Got it. Great. And then just in general, maybe, how the volumes trended at the sellers that have used TradeRev for more than a year?
I don’t have that – that is a metric that the business is highly competitive. I probably won’t want to be giving that out publicly. But they do focus on retention, repeat sellers and all of that. That is a big focus of theirs. And in the roll out, first time seller getting them to repeat is a key objective of the team, and I know they’re having success doing it. I don’t have a metric that’s available to me today. I’ll tell you that, Bob. If I had it, I’d be probably hesitant to give it out.
Fair enough. Jumping to IAA. Maybe just clarify a little bit. I think you said in the upcoming Form 10 you’ll have 3.5 times leverage for SpinCo. Is that the targeted leverage going forward? Or will – is that still – is it supposed to both still be about below three times? Or how have you thought about that leverage? And if that is the target, does that imply that you expect more M&A on the RemainCo side and that’s where would probably drive debt up on that side later?

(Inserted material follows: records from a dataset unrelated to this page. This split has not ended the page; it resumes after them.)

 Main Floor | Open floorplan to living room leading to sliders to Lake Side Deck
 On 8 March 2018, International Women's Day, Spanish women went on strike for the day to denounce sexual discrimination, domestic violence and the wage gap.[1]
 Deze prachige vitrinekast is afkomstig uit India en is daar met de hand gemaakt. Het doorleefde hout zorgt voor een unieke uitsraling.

So Bob, your rhetoric. We were expecting at the spin date that SpinCo will be levered at 3.5 times. That’s subject to a final decision by the Board of Directors at the time of the spin, but we’re giving you that indication is that is what we expect at that point in time. Relative to that decision, there’s many factors that go into it. One of which is we’ve talked to you about these international acquisitions and other things we’re working on. So those would influence the leverage at some future date for RemainCo and again, as we get closer to the spin, it will all make more sense when we have more facts. But as of today, we’re giving you that indication.
Okay, perfect. Thank you.
At this time, I am showing no further questions. I would like to turn the call back over to Jim Hallett, CEO of KAR Auction Services Inc.
Okay, great. Thank you, everyone, for being on today. We continue to be grateful for your interest in our company and our stock. And I think it’s really exciting time. I think, it’s exciting as we finish up 2018, and we go into 2019. I think we have a good visibility into what the markets going to bring to us. We’re excited about the spin that’s come up. I think we’re going to create two great stand-alone companies here for you with two very strong management teams. And then I’m excited about many of the assets that we’ve talked about today when you think about the transformation that’s going on with TradeRev here.

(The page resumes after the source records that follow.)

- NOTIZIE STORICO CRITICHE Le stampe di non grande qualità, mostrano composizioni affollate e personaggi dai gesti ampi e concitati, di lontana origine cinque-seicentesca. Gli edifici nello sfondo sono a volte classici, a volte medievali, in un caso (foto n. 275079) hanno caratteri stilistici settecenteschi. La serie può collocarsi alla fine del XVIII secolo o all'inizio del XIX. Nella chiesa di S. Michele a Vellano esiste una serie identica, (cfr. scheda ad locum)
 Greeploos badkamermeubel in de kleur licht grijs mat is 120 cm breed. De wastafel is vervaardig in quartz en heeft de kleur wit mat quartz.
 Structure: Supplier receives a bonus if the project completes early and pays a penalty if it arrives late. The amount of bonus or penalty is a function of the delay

And then we talked about data and analytics and the early leadership position we have there and our involvement in mobility. I’m really pleased that I think we made really good bets, solid bets that really focused on our business and really serves our customers, and we are going to stay focused, and we are going to stay disciplined, and I think we’ve got a lot to look forward to. So thank you for being on today, and we look forward to talking to you in February. Thank you.
Ladies and gentlemen, thank you for your participation in today’s conference. This concludes the program. You may now disconnect.